EdisonLearning Inc., formerly known as Edison Schools Inc., is a for-profit education management organization for public schools in the United States and the United Kingdom. Edison is based in Fort Lauderdale, Florida.

School districts hire the company to manage schools, particularly new charter schools. In 2015, Edison managed schools enrolling 10,417 students. They also hire it to provide more limited services such as testing, summer school and tutoring.

The company has drawn criticism over the years, with some client school districts saying Edison-run schools cost more than promised to operate and failed to provide a satisfactory education.

==History==
The company was founded in 1992 as the Edison Project, largely the brainchild of Chris Whittle.
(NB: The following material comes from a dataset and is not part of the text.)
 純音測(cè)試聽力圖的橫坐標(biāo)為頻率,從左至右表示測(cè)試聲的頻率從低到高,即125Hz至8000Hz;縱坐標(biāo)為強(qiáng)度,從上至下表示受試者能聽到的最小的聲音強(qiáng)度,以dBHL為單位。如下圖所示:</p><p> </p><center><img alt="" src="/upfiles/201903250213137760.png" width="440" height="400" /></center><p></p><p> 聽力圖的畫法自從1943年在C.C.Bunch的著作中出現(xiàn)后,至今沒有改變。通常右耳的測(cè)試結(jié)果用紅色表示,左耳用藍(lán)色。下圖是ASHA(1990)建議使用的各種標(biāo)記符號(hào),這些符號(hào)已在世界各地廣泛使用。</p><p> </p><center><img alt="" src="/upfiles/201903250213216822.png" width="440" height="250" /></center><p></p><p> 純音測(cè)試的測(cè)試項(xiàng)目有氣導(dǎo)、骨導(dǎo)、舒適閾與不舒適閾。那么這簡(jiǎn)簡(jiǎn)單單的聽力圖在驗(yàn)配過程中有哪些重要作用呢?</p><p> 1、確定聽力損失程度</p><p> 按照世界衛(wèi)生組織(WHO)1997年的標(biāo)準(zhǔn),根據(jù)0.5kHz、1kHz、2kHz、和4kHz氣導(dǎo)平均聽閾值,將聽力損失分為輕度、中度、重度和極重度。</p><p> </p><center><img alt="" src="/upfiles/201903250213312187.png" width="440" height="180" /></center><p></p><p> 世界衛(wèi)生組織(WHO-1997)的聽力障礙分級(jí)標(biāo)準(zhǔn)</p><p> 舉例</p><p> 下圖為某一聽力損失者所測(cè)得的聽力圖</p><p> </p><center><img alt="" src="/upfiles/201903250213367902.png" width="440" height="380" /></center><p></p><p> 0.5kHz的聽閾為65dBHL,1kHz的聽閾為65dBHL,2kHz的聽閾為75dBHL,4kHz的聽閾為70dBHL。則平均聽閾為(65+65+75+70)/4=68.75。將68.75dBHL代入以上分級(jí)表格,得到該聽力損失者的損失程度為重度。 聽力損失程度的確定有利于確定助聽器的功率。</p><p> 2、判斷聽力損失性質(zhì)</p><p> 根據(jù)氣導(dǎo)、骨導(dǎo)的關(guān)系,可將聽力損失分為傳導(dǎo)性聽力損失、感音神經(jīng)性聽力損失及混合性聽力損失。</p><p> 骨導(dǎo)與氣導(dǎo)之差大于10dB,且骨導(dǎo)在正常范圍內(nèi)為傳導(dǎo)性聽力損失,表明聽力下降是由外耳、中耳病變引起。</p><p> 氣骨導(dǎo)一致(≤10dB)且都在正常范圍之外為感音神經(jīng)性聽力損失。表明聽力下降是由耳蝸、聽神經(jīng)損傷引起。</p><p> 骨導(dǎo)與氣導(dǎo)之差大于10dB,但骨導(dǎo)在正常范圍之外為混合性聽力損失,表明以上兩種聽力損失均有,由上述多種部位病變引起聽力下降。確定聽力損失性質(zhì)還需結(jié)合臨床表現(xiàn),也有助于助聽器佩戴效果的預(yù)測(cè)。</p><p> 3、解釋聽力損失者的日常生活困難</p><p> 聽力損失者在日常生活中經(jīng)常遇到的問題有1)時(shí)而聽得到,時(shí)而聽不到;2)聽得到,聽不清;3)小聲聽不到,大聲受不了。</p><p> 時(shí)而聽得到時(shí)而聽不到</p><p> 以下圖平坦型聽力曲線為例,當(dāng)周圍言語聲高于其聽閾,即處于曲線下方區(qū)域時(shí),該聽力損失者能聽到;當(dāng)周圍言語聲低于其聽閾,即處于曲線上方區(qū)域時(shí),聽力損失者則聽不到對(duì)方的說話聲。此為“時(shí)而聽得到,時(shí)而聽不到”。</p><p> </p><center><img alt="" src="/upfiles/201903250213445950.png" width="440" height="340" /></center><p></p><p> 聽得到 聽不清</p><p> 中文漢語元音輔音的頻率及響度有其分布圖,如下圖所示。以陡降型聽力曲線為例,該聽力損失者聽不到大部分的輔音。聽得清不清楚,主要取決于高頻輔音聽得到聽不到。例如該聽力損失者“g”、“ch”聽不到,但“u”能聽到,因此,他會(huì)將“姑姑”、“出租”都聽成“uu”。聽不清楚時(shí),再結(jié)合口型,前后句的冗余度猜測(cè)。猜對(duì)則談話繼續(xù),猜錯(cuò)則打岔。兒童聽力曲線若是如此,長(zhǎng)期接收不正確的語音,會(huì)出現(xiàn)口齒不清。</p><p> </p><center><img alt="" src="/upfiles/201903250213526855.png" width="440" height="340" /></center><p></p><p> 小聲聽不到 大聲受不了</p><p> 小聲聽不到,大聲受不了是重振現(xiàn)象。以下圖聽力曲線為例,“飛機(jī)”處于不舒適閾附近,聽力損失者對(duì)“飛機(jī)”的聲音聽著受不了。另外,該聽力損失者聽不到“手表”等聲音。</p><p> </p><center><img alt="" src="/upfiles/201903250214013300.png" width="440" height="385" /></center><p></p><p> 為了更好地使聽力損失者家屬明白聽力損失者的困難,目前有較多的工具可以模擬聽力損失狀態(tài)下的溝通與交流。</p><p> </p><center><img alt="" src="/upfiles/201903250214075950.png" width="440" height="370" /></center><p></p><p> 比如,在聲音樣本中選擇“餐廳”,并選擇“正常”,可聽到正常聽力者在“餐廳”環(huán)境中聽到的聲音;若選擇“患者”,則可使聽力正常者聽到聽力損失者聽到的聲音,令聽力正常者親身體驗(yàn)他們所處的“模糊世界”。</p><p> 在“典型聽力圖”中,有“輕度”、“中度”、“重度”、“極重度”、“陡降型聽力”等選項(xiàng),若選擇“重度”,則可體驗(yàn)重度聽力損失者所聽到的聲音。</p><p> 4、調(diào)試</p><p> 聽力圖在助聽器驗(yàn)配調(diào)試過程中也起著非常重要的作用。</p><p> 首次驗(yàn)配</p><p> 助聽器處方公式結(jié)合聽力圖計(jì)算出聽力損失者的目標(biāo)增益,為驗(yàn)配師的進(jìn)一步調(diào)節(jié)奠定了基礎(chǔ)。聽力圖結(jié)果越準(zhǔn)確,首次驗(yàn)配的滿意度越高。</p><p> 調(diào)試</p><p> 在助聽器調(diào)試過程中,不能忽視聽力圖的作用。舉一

Other people involved were Tom Ingram (campaign manager and chief of staff to Lamar Alexander, who was a former Governor of Tennessee and United States Secretary of Education 1991-1993), Benno C. Schmidt, Jr., Chester E. Finn, Jr. (assistant secretary of education to former presidents Reagan and George H. W. Bush, and others. It was founded around the idea of making money from school vouchers.
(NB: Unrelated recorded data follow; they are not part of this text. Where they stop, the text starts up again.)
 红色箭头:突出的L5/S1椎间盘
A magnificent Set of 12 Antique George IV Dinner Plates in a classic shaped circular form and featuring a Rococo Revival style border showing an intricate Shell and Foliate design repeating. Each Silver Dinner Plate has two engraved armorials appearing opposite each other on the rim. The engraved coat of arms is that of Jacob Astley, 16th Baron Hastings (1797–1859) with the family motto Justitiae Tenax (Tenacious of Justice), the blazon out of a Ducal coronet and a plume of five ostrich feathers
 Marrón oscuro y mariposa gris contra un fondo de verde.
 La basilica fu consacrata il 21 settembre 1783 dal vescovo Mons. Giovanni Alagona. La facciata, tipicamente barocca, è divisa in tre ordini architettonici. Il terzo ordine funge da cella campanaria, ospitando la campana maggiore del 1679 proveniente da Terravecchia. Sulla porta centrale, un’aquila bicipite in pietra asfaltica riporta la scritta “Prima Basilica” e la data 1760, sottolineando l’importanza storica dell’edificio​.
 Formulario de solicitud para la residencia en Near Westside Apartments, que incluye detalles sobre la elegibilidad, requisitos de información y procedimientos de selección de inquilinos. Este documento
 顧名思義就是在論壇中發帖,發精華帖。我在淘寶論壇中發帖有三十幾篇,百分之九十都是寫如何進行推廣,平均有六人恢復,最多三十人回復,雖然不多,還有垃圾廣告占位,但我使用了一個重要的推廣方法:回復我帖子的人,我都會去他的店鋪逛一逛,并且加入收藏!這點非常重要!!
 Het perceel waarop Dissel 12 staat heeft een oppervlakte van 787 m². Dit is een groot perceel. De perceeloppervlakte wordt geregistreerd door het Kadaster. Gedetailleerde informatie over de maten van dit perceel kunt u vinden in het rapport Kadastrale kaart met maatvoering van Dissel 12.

In 2002, the U.S. company approached the UK government and Essex Local Education Authority to develop a partnership. EdisonLearning began operations as a UK subsidiary in 2003 which led to some school improvements until 2020 when it ceased trading in the UK. The UK business contributed heavily to the parent company's intellectual property and was a base for global operations and educational projects in China and the UAE.

==Approach to education==
Edison claimed that it could run public schools for less money than school districts could, and that it would improve student achievement while making a profit for its shareholders. Edison attracted ideological support from backers of privatization and school vouchers, including The Wall Street Journal and the Hoover Institution.

In 2008, the company announced the acquisition of the education software company Provost Systems, based in Santa Clara, California, which was renamed EdisonLearning.

In 2013, the NAHT. (National Association of Head Teachers - a trade union and professional association representing more than 28,500 members in England, Wales and Northern Ireland), in partnership with EdisonLearningUK, developed the Aspire Pilot Programme for schools judged as Satisfactory or Requires Improvement by Ofsted.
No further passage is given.